A Big Step Forward to Limit AI Power Demand
by Bernard Murphy on 08-25-2025 at 6:00 am

By now everyone knows that AI has become the all-consuming driver in tech and that NVIDIA GPU-based platforms are the dominant enabler of this revolution. Datacenters worldwide are stuffed with such GPUs, serving AI workloads from automatically drafting emails and summarizing meetings to auto-creating software and controlling factories. A true revolution in automation is underway, yet we already see that the power required to meet this new demand will quickly exceed utility generation plans. Bending that power growth curve is imperative, demanding further AI power reduction while the hardware is still in design.

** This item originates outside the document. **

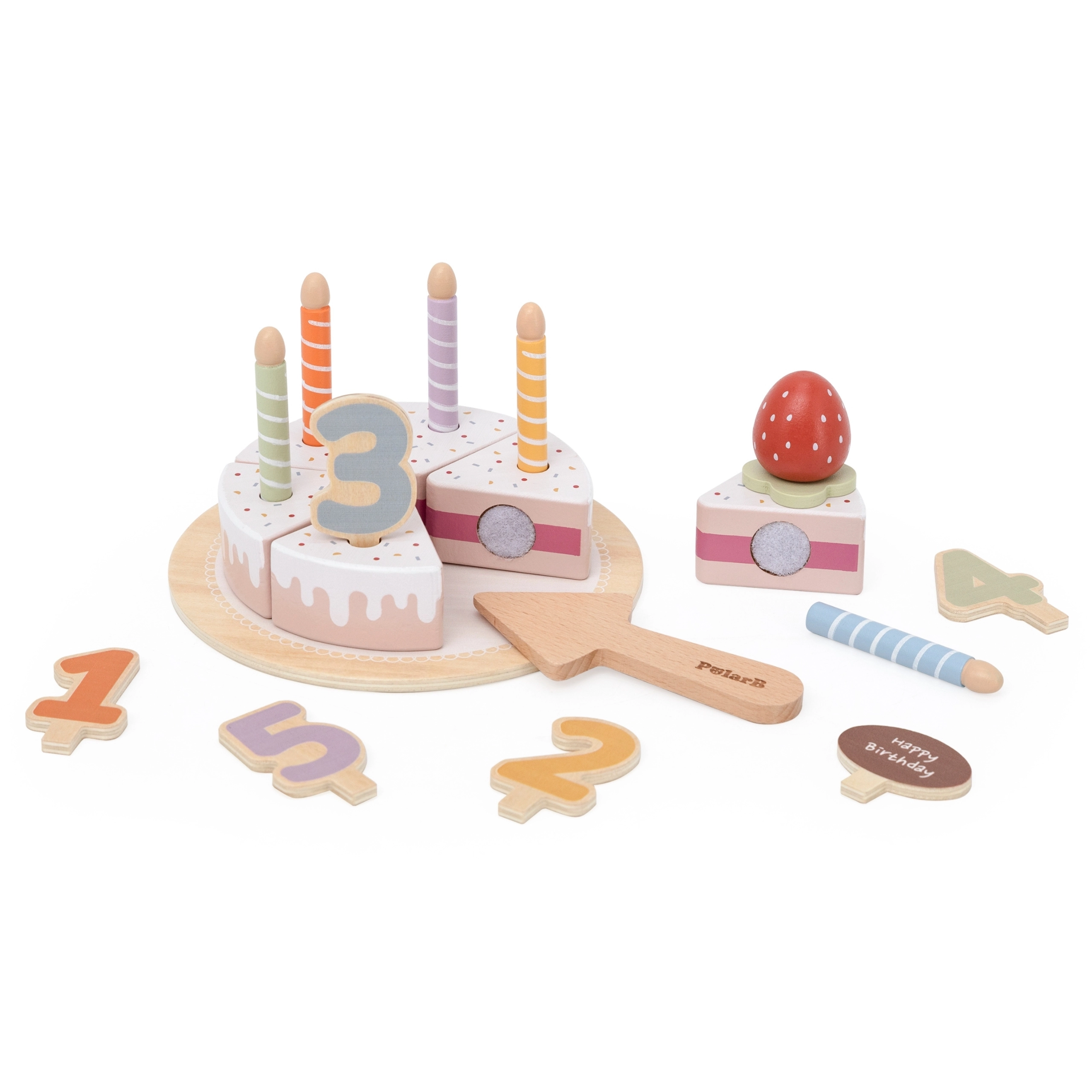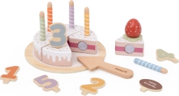 - Obsah setu: 6 dielikov torty, 5 drevených čísel, odnímateľné sviečky, jahodová dekorácia, tabuľka „Happy Birthday“, podnos a drevená špachtľa.
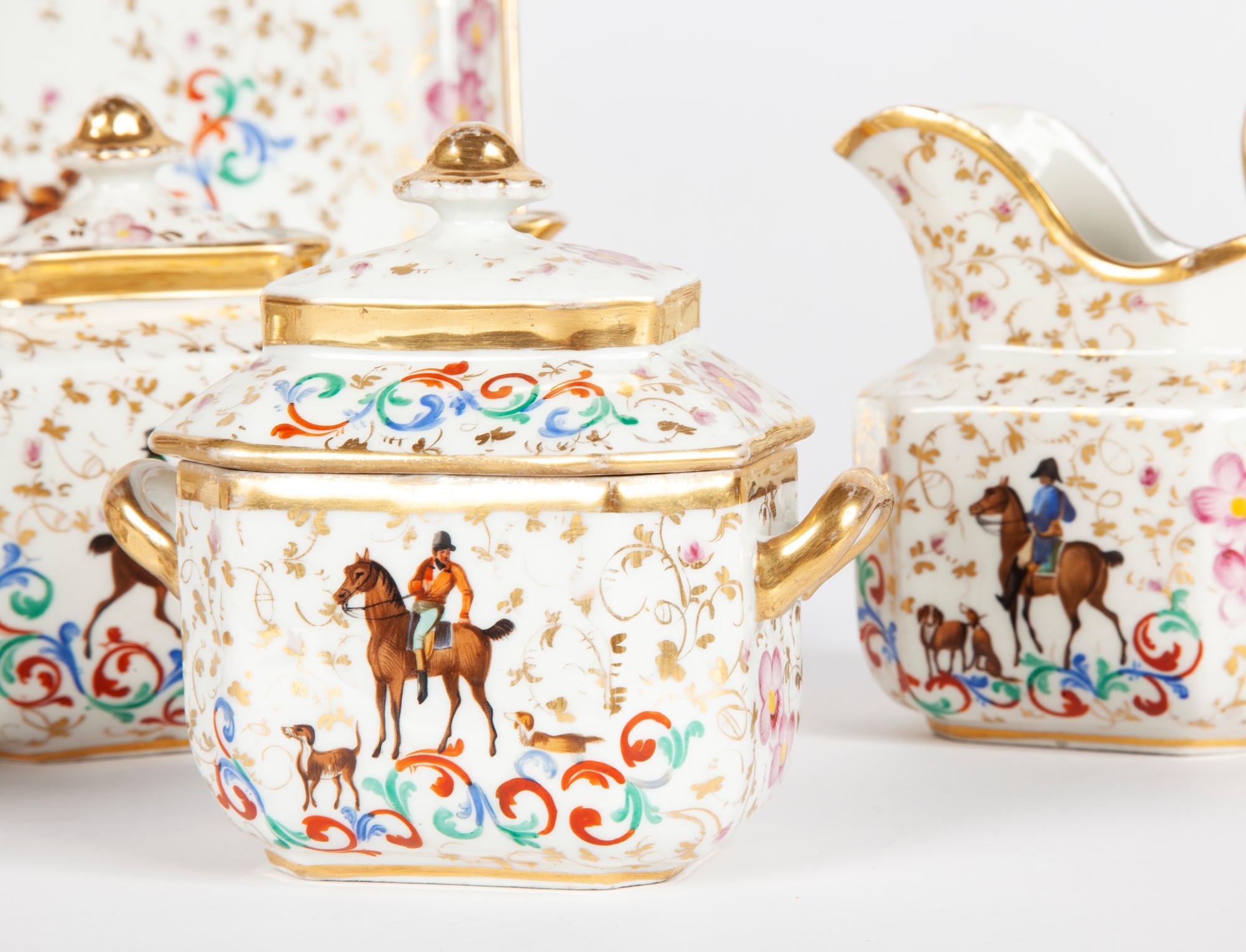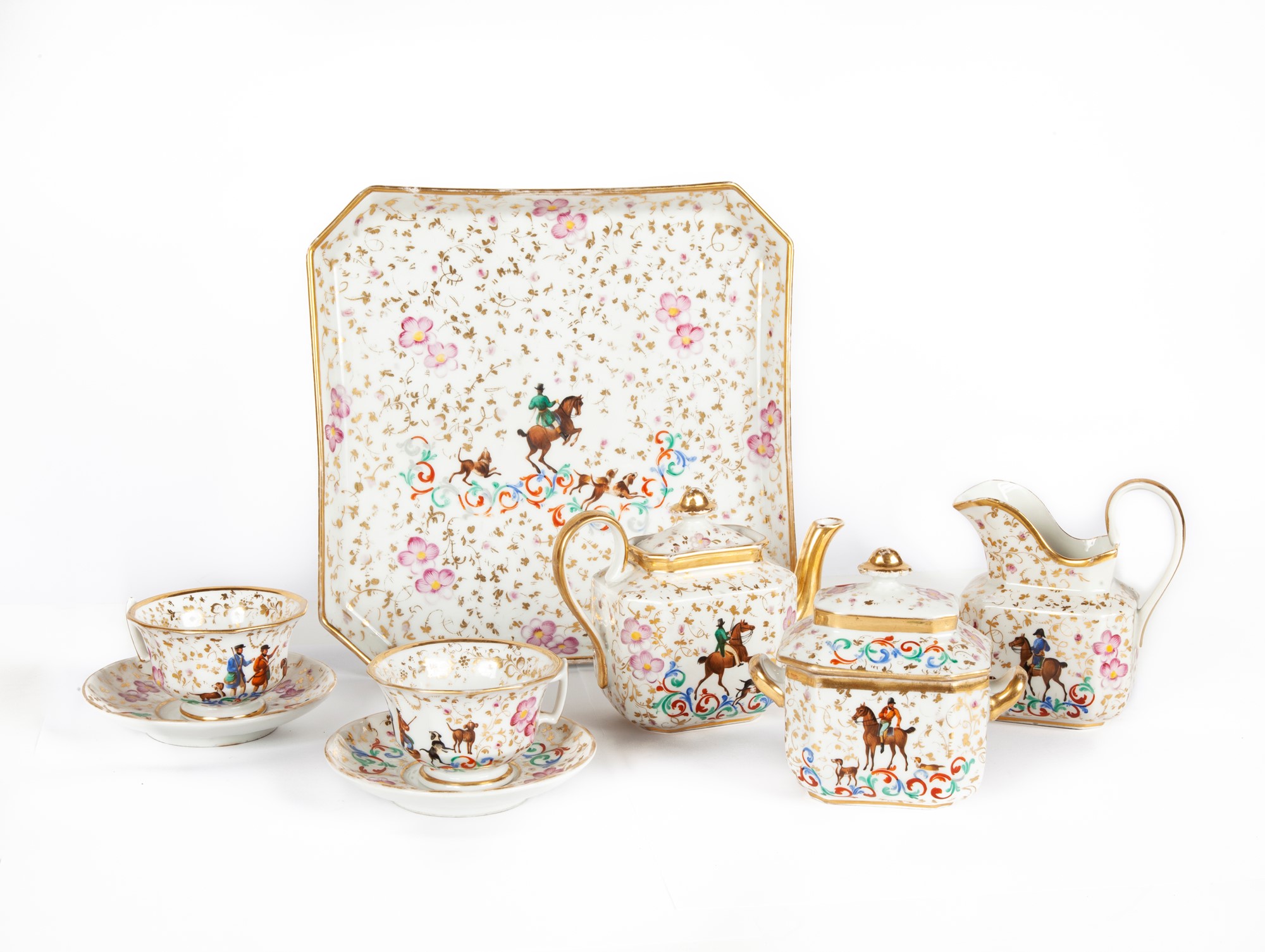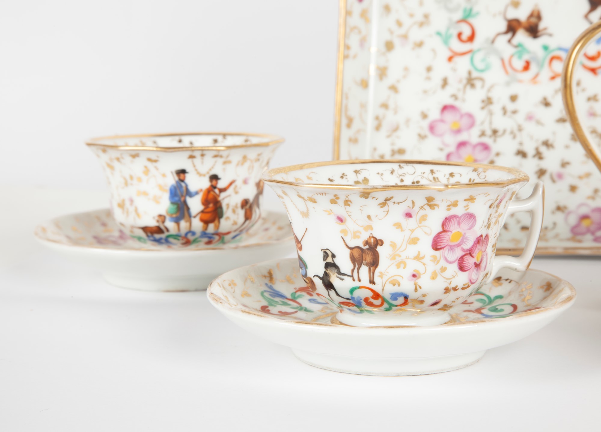 Servizio tete à tete in porcellana con vassoio composto da due tazzine a forma di campana, caffettiera, lattiera, zuccheriera con coperchio ed un vassoio quadrangolare; decorazione policroma con figure di cacciatori a cavallo e cani, circondati da piccoli tralci dorati e corolle amaranto tazzina cm 5,5 - piattino cm 12,5 - caffettiera, lattiera e zuccheriera cm 12 - vassoio cm 26x26

Understanding how to make such improvements starts with improved pre-silicon power estimation; Cadence and NVIDIA have been working together for many years on this objective and have announced a major step forward according to a recent press release.

A Big Step Forward to Limit AI Power Demand

The challenges in pre-silicon power estimation for AI

Pre-silicon dynamic power estimation has been available for some time, but there are three key challenges in applying these methods to AI systems: the size of the designs, the size and complexity of representative test cases based on AI models and benchmarks, and added burdens of dynamic power analysis under these constraints, which for high accuracy in estimation demand modeling at the gate-level, further straining modeling capacity limits.

NVIDIA has been using Cadence emulation platforms (Palladium) for 20 years or more to verify the functionality of their chip designs before committing to manufacturing, as have many other semiconductor (and more recently system) design companies. As designs sizes have grown exponentially, Palladium capacity has kept pace to the point that these emulators can now accommodate designs running to tens of billions of gates, in step with the very largest designs being built today.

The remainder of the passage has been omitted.